Output the entries exactly. Start at the first line, finish with the line containing "Comes in 29", and omit the pictures.

○ ○ ○ ○ ○ ○ ○

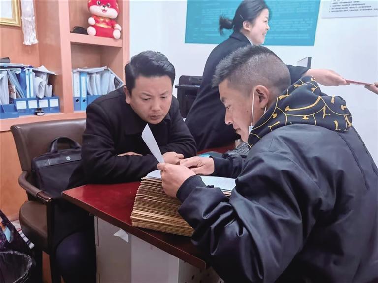 人行拉薩中支工作人員給市民講解貸款業(yè)務流程。
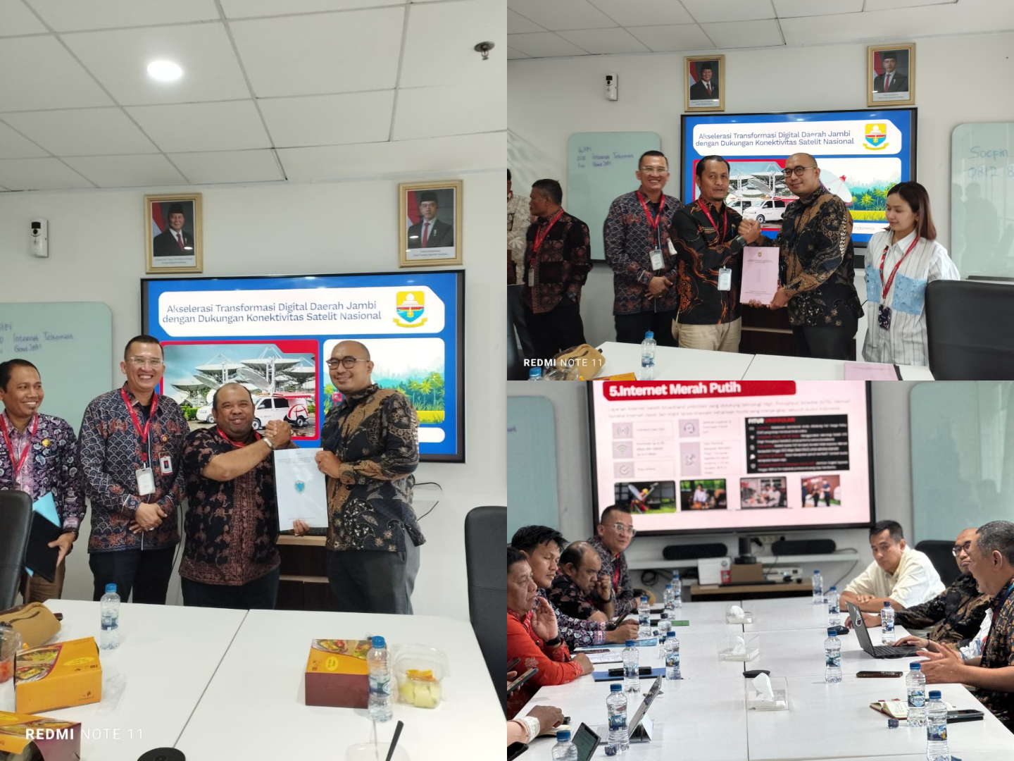 Rombongan Diskominfo Provinsi Jambi dan Kabupaten/Kota diterima langsung oleh manajemen PT Telkomsel dan PT Telkomsat. Dalam pertemuan tersebut hadir Vice President LBCC Telkomsel Philipus Nanang, General Manager Telkomsat Widi Sulistyanto, Account Manager PT Telkom Nabila, serta Vidiyan selaku Presales Engineer.
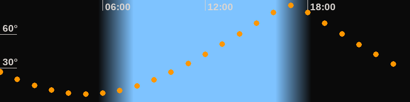 | Höchster Stand (Kulmination) | 16:59 Uhr (h = 85,7°) |
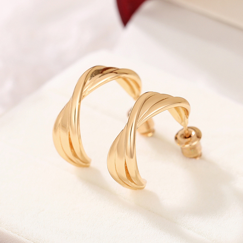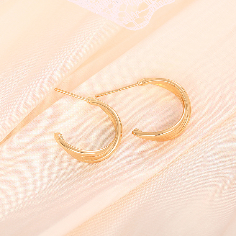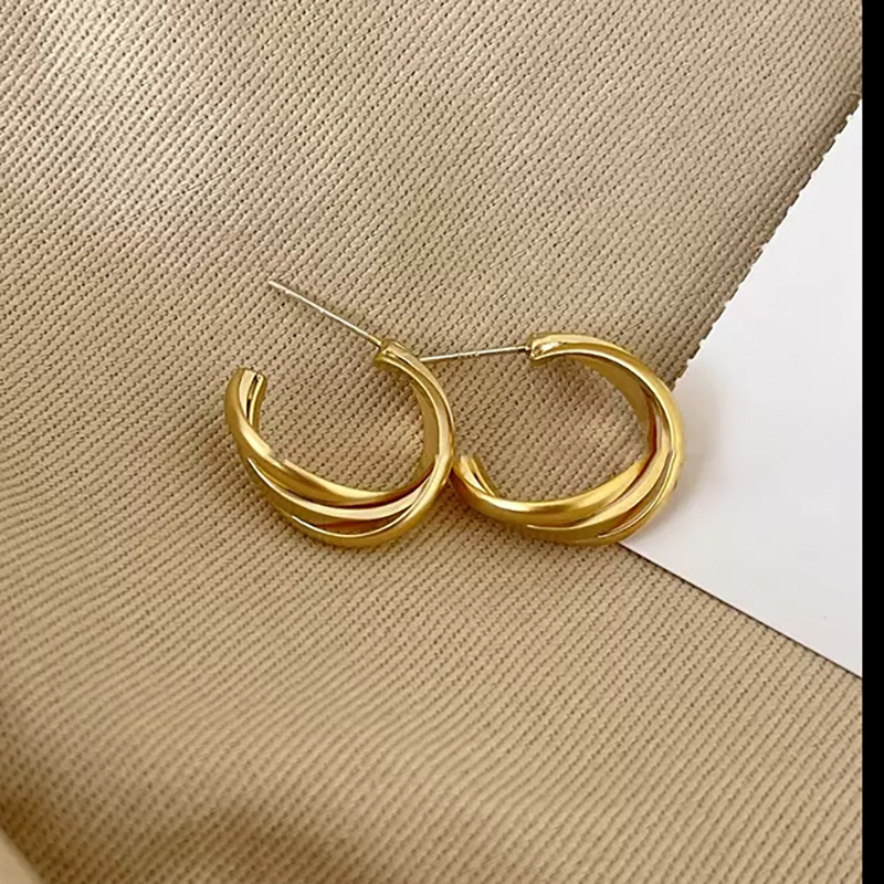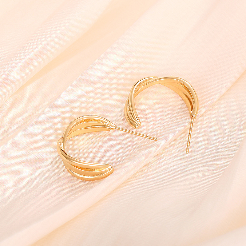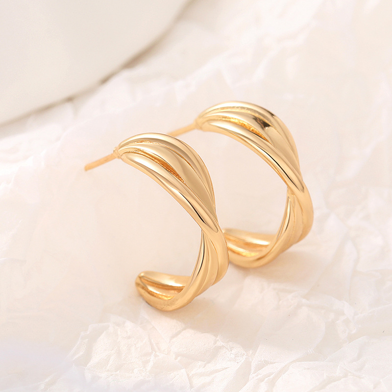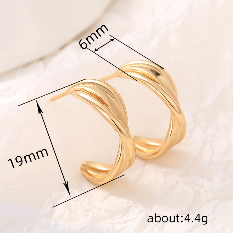 Fashionable temperament gold retro earrings for women Hong Kong style metallic designer earrings C-shaped earrings
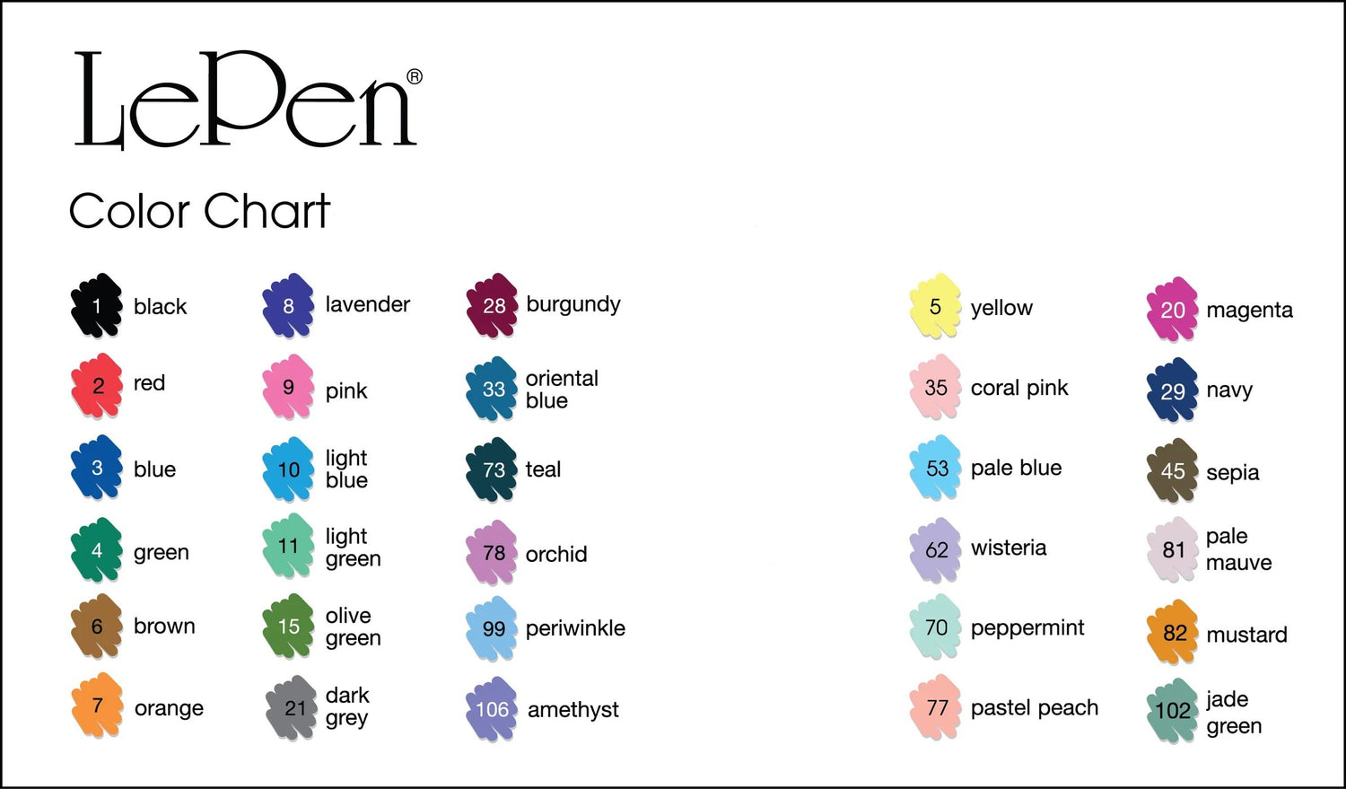 Comes in 29 colours; Black, Red, Blue, Green, Brown, Orange, Lavender, Pink, Olive Green, Burgundy, Oriental Blue, Coral Pink, Wisteria, Peppermint, Teal, Pastel Peach, Periwinkle, Amethyst, Mustard, Jade Green, Yellow, Pale Blue, Navy, Light Green, Sepia, Magenta, Dark Grey, Orchid & Pale Mauve.
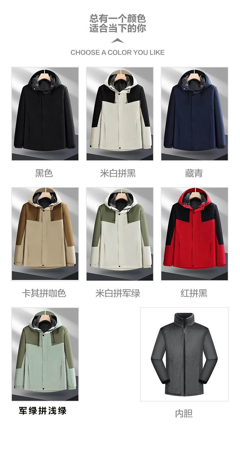 休闲冲锋衣工作服定制,冲锋衣三合一户外冲锋衣外套,内胆可拆,秋冬防风衣三合一冲锋衣男女同款式都有。
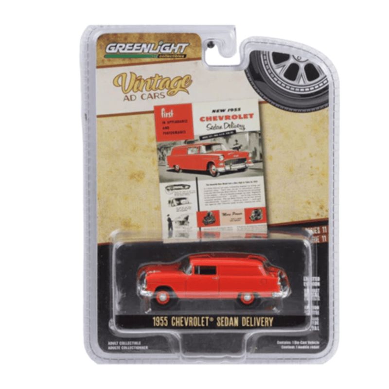 Greenlight – 1955 Chevrolet Sedan Delivery (Vintage AD Cars Série 11 – Escala 1:64) Este modelo da Greenlight representa o clássico Chevrolet Sedan Delivery de 1955, integrante da Série 11 da coleção Vintage AD Cars. Em escala 1:64 e com aproximadamente 7 cm de comprimento, esta miniatura homenageia os veículos comerciais da década de 1950, com visual publicitário retrô e acabamento nostálgico. Especificações do Produto Fabricante: Greenlight Linha/Série: Vintage AD Cars Série 11 Modelo: Chevrolet Sedan Delivery 1955 Montadora: Chevrolet Cor: Vermelho Escala: 1:64 Comprimento aproximado: 7 cm Composição: Metal, plástico e borracha Edição limitada: Sim Idade recomendada: A partir de 3 anos Dimensões da embalagem: 5,5 cm x 14,5 cm x 19 cm Destaques da Miniatura Pintura vermelha com grafismos publicitários vintage e detalhes fiéis ao estilo comercial da época Design clássico com carroceria fechada, frente imponente e proporções autênticas do modelo de 1955 Parte da coleção Vintage AD Cars, dedicada à reprodução de veículos históricos com identidade visual de anúncios antigos Estrutura resistente e acabamento detalhado, ideal para exposição temática ou coleções de veículos comerciais retrô Essa miniatura é ideal para colecionadores que valorizam história, publicidade clássica e autenticidade sobre rodas.
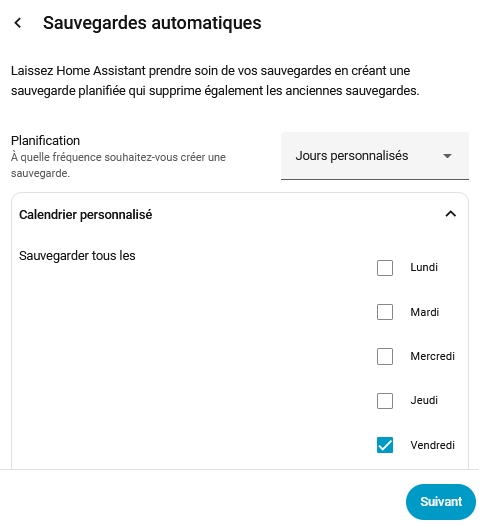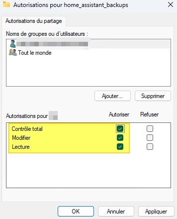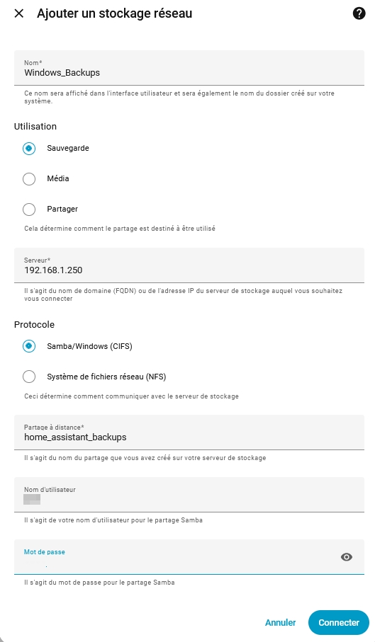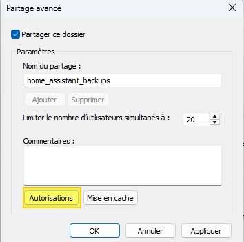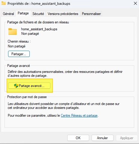 Afin d'externaliser les sauvegarde de Home Assistant OS, on va passer par un partage de dossier (samba), on configure un Partage avancée...:
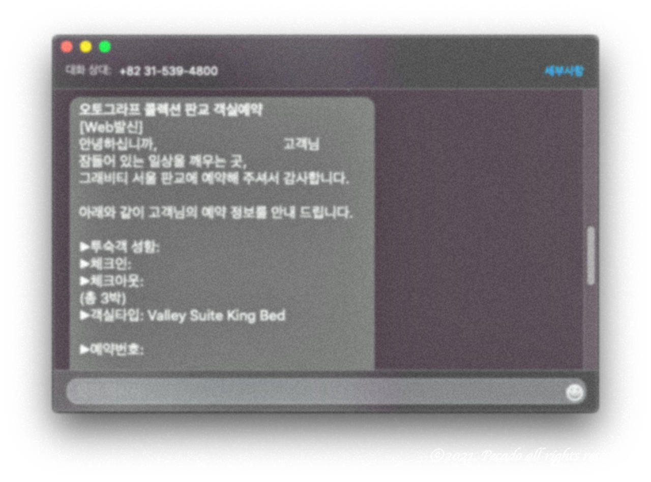 우선 나에게 배정된 객실 타입과 투숙 기간에 대한 안내를 시작으로, 내 회원정보 중에서 전화번호와 이메일주소의 변동여부, 레이트 체크아웃의 필요여부를 묻는다. 끝으로 금연 등 객실 내 금지사항 및 주의사항에 대한 안내와 그에 대한 동의서에 자필 서명을 요구한다. 그럼 나는 늘 '감사 :)'라고 서명을 한다.
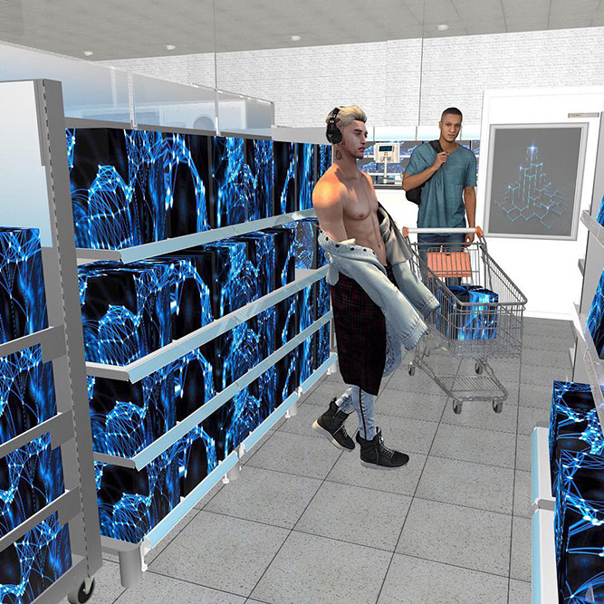 • a view in a store with crypto items that was aimed to illustrate the Universal Trading Platform.

○ ○ ○ ○ ○ ○ ○

=== Your response ===
 人行拉薩中支工作人員給市民講解貸款業(yè)務流程。
 Rombongan Diskominfo Provinsi Jambi dan Kabupaten/Kota diterima langsung oleh manajemen PT Telkomsel dan PT Telkomsat. Dalam pertemuan tersebut hadir Vice President LBCC Telkomsel Philipus Nanang, General Manager Telkomsat Widi Sulistyanto, Account Manager PT Telkom Nabila, serta Vidiyan selaku Presales Engineer.
 | Höchster Stand (Kulmination) | 16:59 Uhr (h = 85,7°) |
 Fashionable temperament gold retro earrings for women Hong Kong style metallic designer earrings C-shaped earrings
 Comes in 29 colours; Black, Red, Blue, Green, Brown, Orange, Lavender, Pink, Olive Green, Burgundy, Oriental Blue, Coral Pink, Wisteria, Peppermint, Teal, Pastel Peach, Periwinkle, Amethyst, Mustard, Jade Green, Yellow, Pale Blue, Navy, Light Green, Sepia, Magenta, Dark Grey, Orchid & Pale Mauve.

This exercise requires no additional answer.